I can count on my hand the number of posters who take up this banner with you about switching to autos because of this issue. Unless you have further evidence other than 4-5 posters and your mechanic agreeing with you I'll assume the majority of MINIs produced with manual transmissions are just fine.
I can count on my hand the number of posters who take up this banner with you about switching to autos because of this issue. Unless you have further evidence other than 4-5 posters and your mechanic agreeing with you I'll assume the majority of MINIs produced with manual transmissions are just fine.
Last edited by sequence; 07-13-2009 at 05:24 AM.
#22
Join Date: Aug 2004
Location: Your Worst Nightmare :)
Posts: 3,880
Likes: 0
Received 3 Likes
on
3 Posts
Hi--Cheers for the Internet! I have managed to find an extensive collection of posts from various forums and threads on the clutch situation - enough to give anyone second thoughts on purchasing a mini. More than enough, I think, to make a case for dealership replacement.
#23
Drew Drew Drew. Always reading between the lines, and interpreting statements out of context. There are plenty of folks on this forum--not this thread FCOL--and many I know that are NOT NAM members who switched to autos because of the problems they had with their clutches--not their transmissions.

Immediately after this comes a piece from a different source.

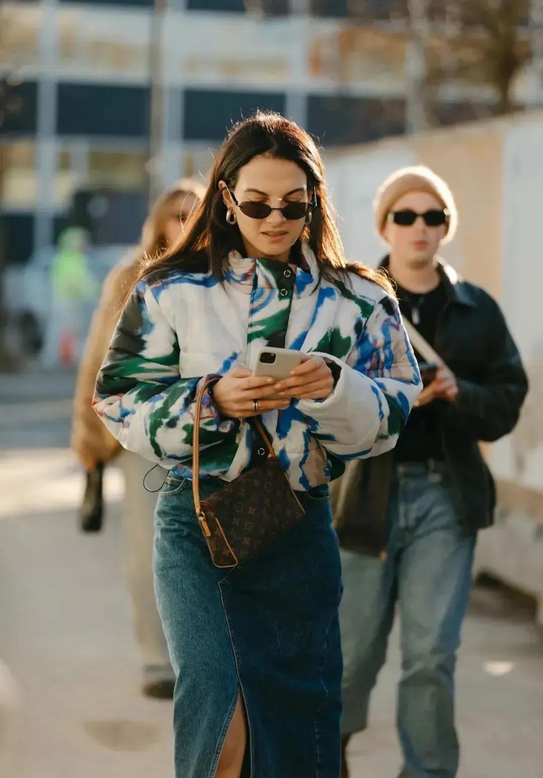 這種花色的短款羽絨服,雖然看起來有些花哨感,但只要選對內搭和配對下裝,就完全沒有問題。選擇一條藍色牛仔半身長裙,很大方氣質又不失得體的造型,讓你舉手投足間都盡顯高級,有種很低調的美感。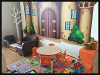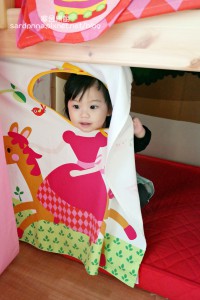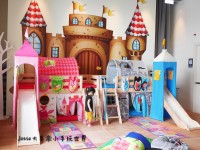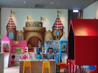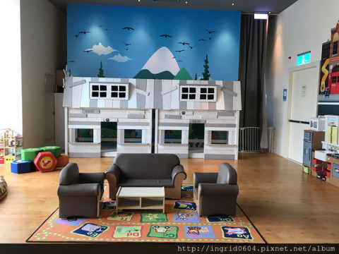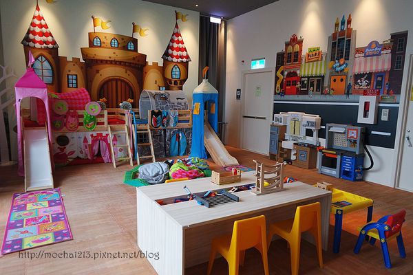 餐廳提供的親子遊戲區裡面有溜滑梯、扮家家酒的廚房組和工作站,還有一些在桌上玩的益智玩具。另外也有一個閱讀小角落放兒童繪本。裡面的家具都是引進丹麥的芙萊莎(FLEXA) 兒童家具,經歐盟認証,無毒又環保。

As for transmission choice, let's just say all this "evidence" is about as far from statistically sound and about as empirical as you can get. There are some bad clutch/flywheel setups out there, without question, including possibly the OPs, but again I don't necessarily think jumping on the Aisin bandwagon is necessarily the answer for everyone, nor do I think automatically blaming the parts and not the driver is applicable in every case.
If you believe everyone on the Internet at face value then you're really fooling yourself. Meanwhile, X's clutch burnt out at 10k miles because unknowingly X's son was riding the clutch, burnouts, etc. whenever he went out with his buddies on the weekends.

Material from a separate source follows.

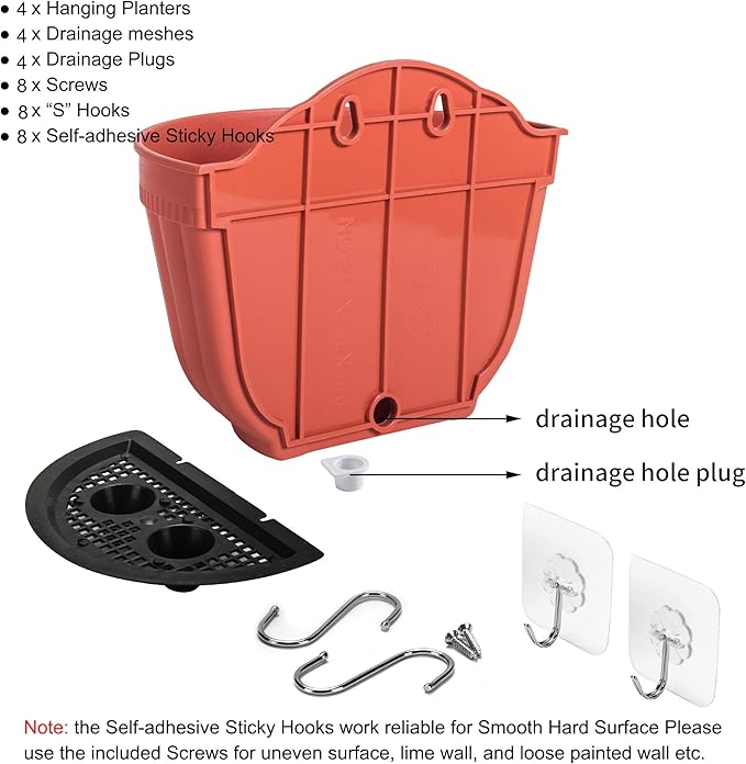 - Indoor and Outdoor Use: Vertical wall hanging planter made of high quality durable PP resin material, safe and non-toxic, this polypropylene resin planter is a tough, lightweight , all-weather durability with UV protection for outdoor use, an alternative to clay or ceramic planters. Pull out drainage plug to allow for the removal of excess rainwater when installed outdoors. Install drainage plug when used indoors. SIZE (L*W*H): 8.1"x4.7"x6.8"; 4 x โSโ hooks of stainless steel included.

Now this apparently isn't the OP's case but you never know until you have the full story.
Always a pleasure, sequence, always a pleasure.
Last edited by DrewN; 07-13-2009 at 05:55 AM.
#24
Exactly........
I sometimes wonder if these threads are started just to see how much ***** they can stir up.........
There are really only a couple of answers here, either someone burned the clutch up or it failed on it's own. If the former, the OP should pay for it to be replaced and either learn how to drive or find out who's been riding her clutch. If the latter then warranty should cover it and it should be evident......
But to assume because of random postings on the net that there is an inherent failure of a clutch that's already successfully done millions of miles in millions of other cars just sounds to me like the typical attitude of Americans today - something happened to me - it's someone else's fault - and someone else is going to pay, not me!
I sometimes wonder if these threads are started just to see how much ***** they can stir up.........
There are really only a couple of answers here, either someone burned the clutch up or it failed on it's own. If the former, the OP should pay for it to be replaced and either learn how to drive or find out who's been riding her clutch. If the latter then warranty should cover it and it should be evident......
But to assume because of random postings on the net that there is an inherent failure of a clutch that's already successfully done millions of miles in millions of other cars just sounds to me like the typical attitude of Americans today - something happened to me - it's someone else's fault - and someone else is going to pay, not me!